In order to download the files, make the script an executable by running the line 'chmod 777 download.sh' from the command line. After that is complete, the file can be executed by typing './download.sh'.

In [1]:
import pandas as pd
import icepyx as ipx
from shapely.ops import unary_union


from utils import drainage_basin
from utils_cloud import CLDMSK_date

In [2]:
# Spatial extend for the ICESat-2 search 
# Observation: in case that the VIIRS file retrieve images in a different spatial extent, then we are no going to have matches, 
# independently of the window. 
basins_ids = [1.1, 1.2, 1.3, 1.4,
              2.1, 2.2, 
              3.1, 3.2, 3.3, 
              4.1, 4.2, 4.3,
              5.0,
              6.1, 6.2,
              7.1, 7.2, 
              8.1, 8.2]

my_basins = basins_ids
polygons = [drainage_basin(basin_id) for basin_id in my_basins ]
poly_full = unary_union(polygons)
poly_full_simplify = poly_full.simplify(tolerance=0.5)

spatial_extent = list(poly_full_simplify.exterior.coords)

# Temporal window in minutes
minutes = 5
hr = minutes / 60 
# Maximim number of files we are interested in retrieve 
max_filtered = 100000000000


# lenght of line if bash file with CLDMSK imagen name
length_bash = 146

# path with bash retrieval files
#path_retrieve = "data/VIIRS_bash/"
path_retrieve = "data/Earthdata_scripts/"
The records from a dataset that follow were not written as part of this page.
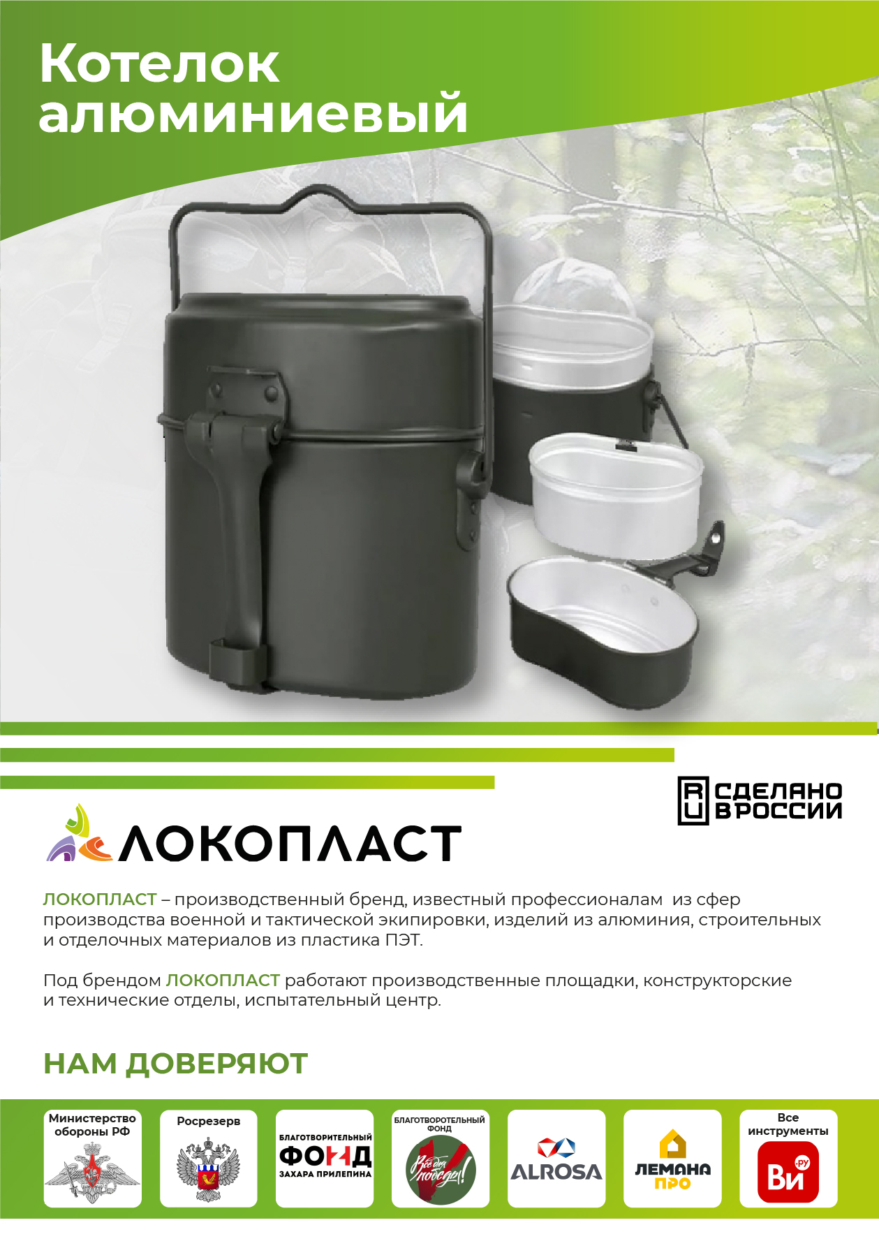 в котелок, сверху закрывается крышкой - сковородником, при этом ручка защелкивается на корпусе котелка, за счет специального выступа
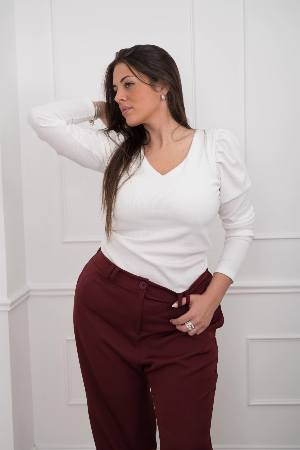 Remera Elastizada de Morley Manga Larga Princesa, Escote en V
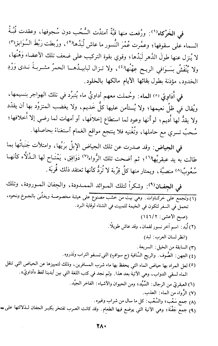 في الحياض: وقد صدرت عن تلك الحياض الإبل بريها، وامتلأت جنباتها بما طالت به يد عبقريتها؛ ثم أضحت تلك الرواء دوافق، يمتاح لها الدلاء كأنها سعوب منصبة، ويمتار منها كل قربة لا ترد كأنها تعتقد ذلك قربة.
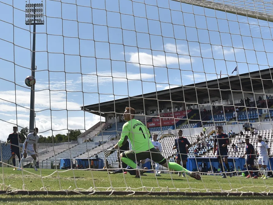 Alexandru Neacșu marcheaza un gol in poarta lui George Gavrilas in meciul de fotbal dintre FC Buzau si Metaloglobus Bucuresti, contand pentru Liga a-2-a Casa Pariurilor, disputat pe Stadionul Gloria din Buzau, sambata 18 septembrie 2021. © FOTO:Razvan Pasarica/SPORT PICTURES
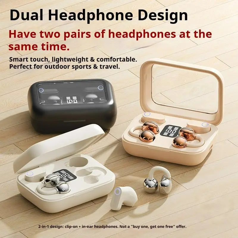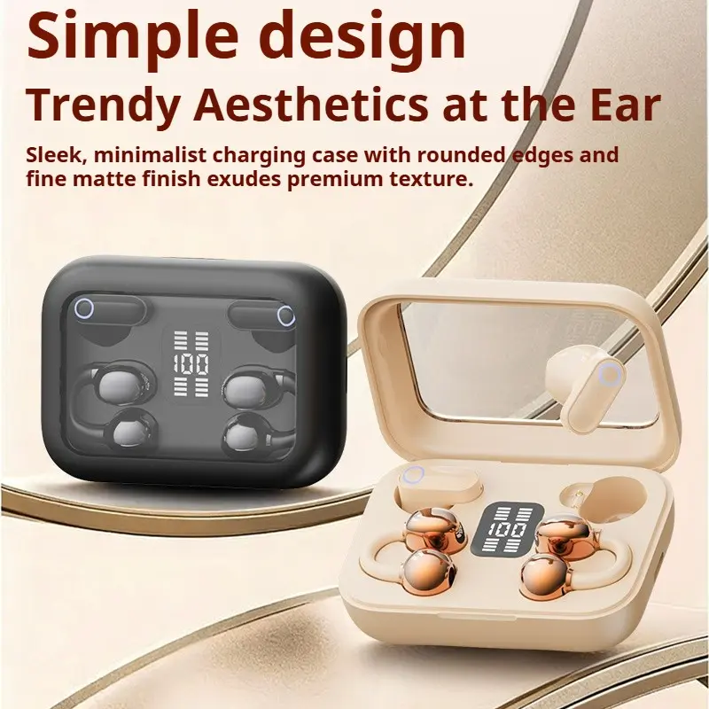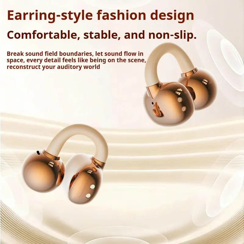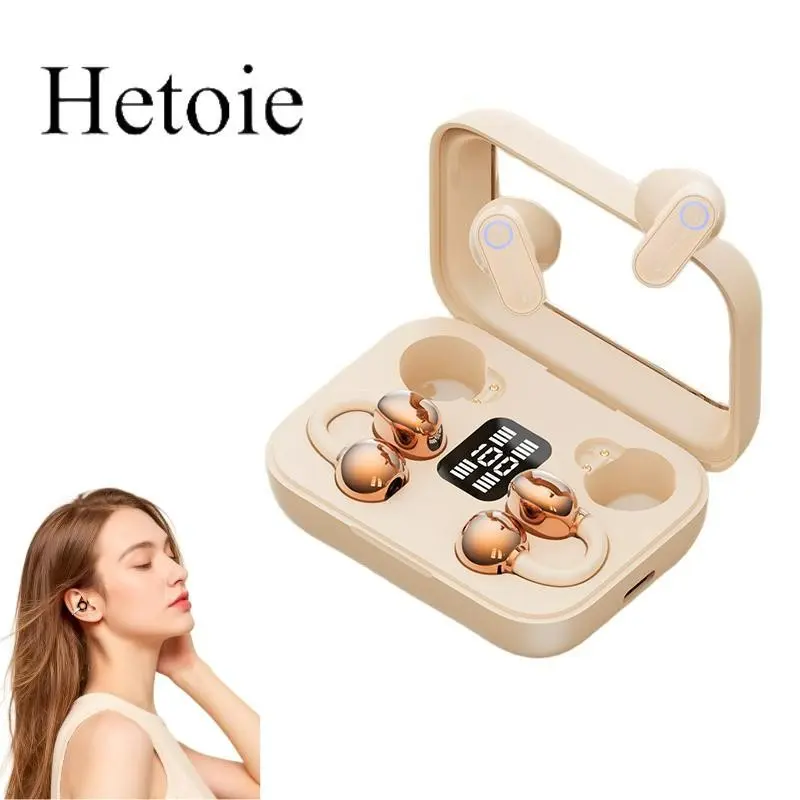 Hetoie 2026 New Open Ear Clip Headphones, Wireless Earbuds Like Earrings Fashion Style, Hi-Fi Deep Bass Stereo, Built in Mic, Type-C Fast Charging Auto Pair, Comfort & Secure Fit for Sports Office Gaming, Compatible iPhone Android PC
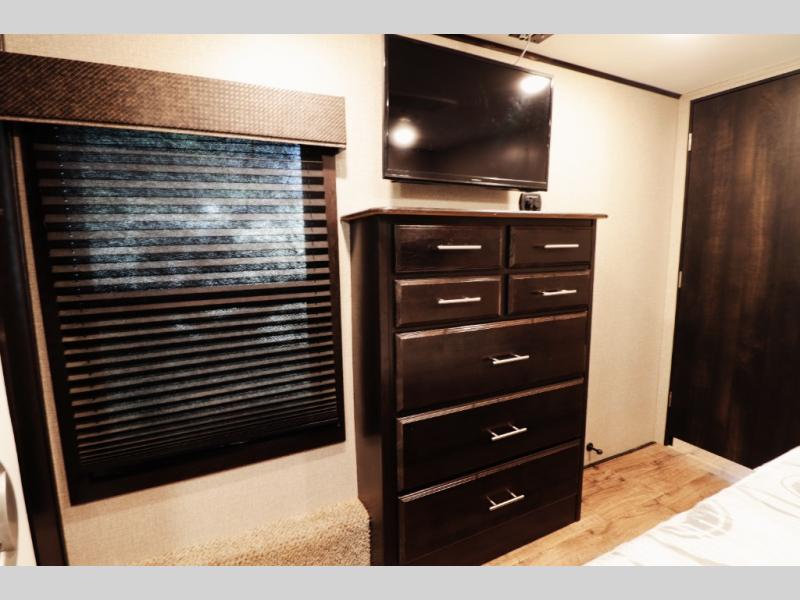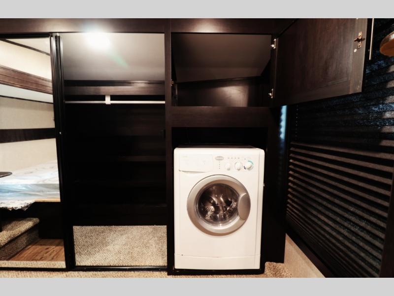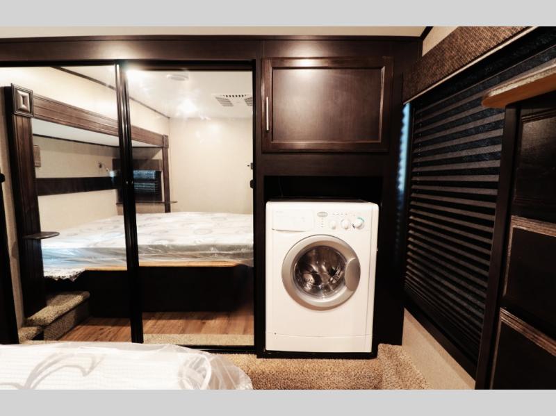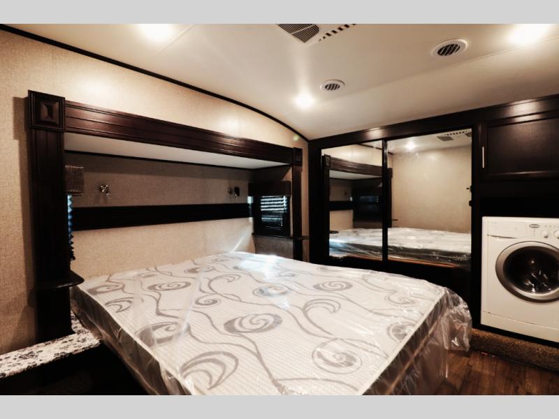 Master suite up front with a king-size bed slide (upgrade option), walk-in wardrobe/closet and washer/dryer prep—perfect for couples wanting comfort or families needing dedicated adult space.

## Select your satellite data

In [3]:
sensor = "VIIRS"
#sensor = "MODIS-Aqua"

if sensor == "VIIRS":
    
    # name of the original bash file to retrieve the data
    exe_old = "CLDMSK-VIIRS-Greenland-2019.sh"
    # name of the output bash file 
    exe_new = "CLDMSK-VIIRS-Greenland-2019-filtered-5min.sh"
    #lenght_bash = viirs_length_bash
    
if sensor == "MODIS-Aqua":
    
    exe_old = "CLDMSK_L2_MODIS_Aqua-Greenland-2019.sh"
    exe_new = "CLDMSK_L2_MODIS_Aqua-Greenland-2019-filtered.sh"    
    #lenght_bash = modis_aqua_length_bash

In [4]:
file = open(path_retrieve + exe_old, 'r')
new_file = open(path_retrieve + exe_new, 'x')

#viirs_names = []

counter = 0
counter_filtered = 0

for line in file:
    
    #print(line)
    
    if ("https://ladsweb.modaps.eosdis.nasa.gov" in line) and (len(line) == length_bash):
                
        if counter_filtered < max_filtered:
 
            cloud_file_name = line[:-1].split("/")[-1]
            cloud_time = CLDMSK_date(cloud_file_name)

                
            # Temporal search window for 
            start = cloud_time - pd.DateOffset(hours=hr)
            end   = cloud_time + pd.DateOffset(hours=hr) + pd.DateOffset(minutes=6)
            

            start_date_str = start.strftime('%Y-%m-%d')
            end_date_str   = end.strftime('%Y-%m-%d')
            start_time_str = start.strftime('%H:%M:%S')
            end_time_str   = end.strftime('%H:%M:%S')

            try:

                region_a = ipx.Query("ATL06", spatial_extent, [start_date_str, end_date_str], start_time_str, end_time_str)
                avail_granules = region_a.avail_granules(ids=True)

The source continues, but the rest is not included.